XG-1541 Weird Boot Behavior and Changing FSCK Messages
-
We're running an XG-1541 and I came into the office to find it had not recovered from a scheduled reboot. When I got in in the morning it was offline and when I checked at the KVM it had a Blank screen, no messages, no response to input. I restarted it and noted that the "Intel Boot Agent" screen reset numerous times before it moved on to the standard boot loader. The Intel Boot agent message appears at the top it then below it "press "ctrl-s" to enter setup" appears, the message to enter setup disappears, then the Intel boot agent message does, the screen goes black then the whole thing repeats. It did this 5 or 6 times before continuing.

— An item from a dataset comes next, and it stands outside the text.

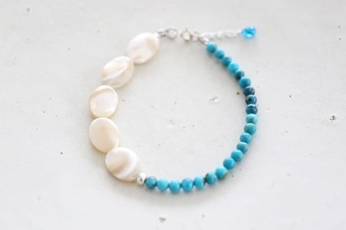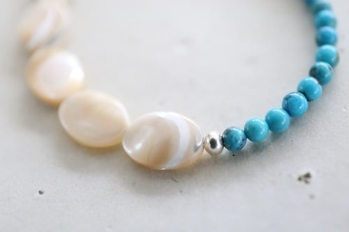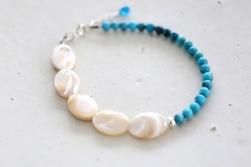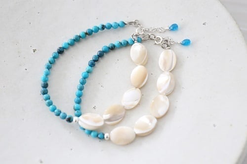 品のあうベージュカラーと爽やかなブルーとシルバーで夏仕様のブレスレットになります。

Once it got into the menu I went to the shell and ran a FSCK and got a bunch of errors, however not being a BSD/*NIX admin I am unfamiliar with FSCK output I'm not sure how serious they are. I rebooted into single user and ran it again to repair, it marked the drive clean. Rebooted back to normal mode and again multiple errors. The boot behavior was the same each time, resetting at the Intel boot agent message multiple times. The output from FSCK varies, if i run it several times in a row I will frequently get different messages, I've included a couple below:
UNEXPECTED SOFT UPDATE INCONSISTENCY
** Last Mounted on /
** Root file system
** Phase 1 - Check Blocks and Sizes
** Phase 2 - Check Pathnames
** Phase 3 - Check Connectivity
** Phase 4 - Check Reference Counts
UNREF FILE I=4333827 OWNER=root MODE=100666
SIZE=0 MTIME=Sep 25 07:42 2019
CLEAR? no** Phase 5 - Check Cyl groups
208838 files, 3777527 used, 16479844 free (462412 frags, 2002179 blocks, 2.3% fragmentation)And run immediately after that I get:
SETTING DIRTY FLAG IN READ_ONLY MODE
UNEXPECTED SOFT UPDATE INCONSISTENCY
** Last Mounted on /
** Root file system
** Phase 1 - Check Blocks and Sizes
INCORRECT BLOCK COUNT I=4333845 (8 should be 0)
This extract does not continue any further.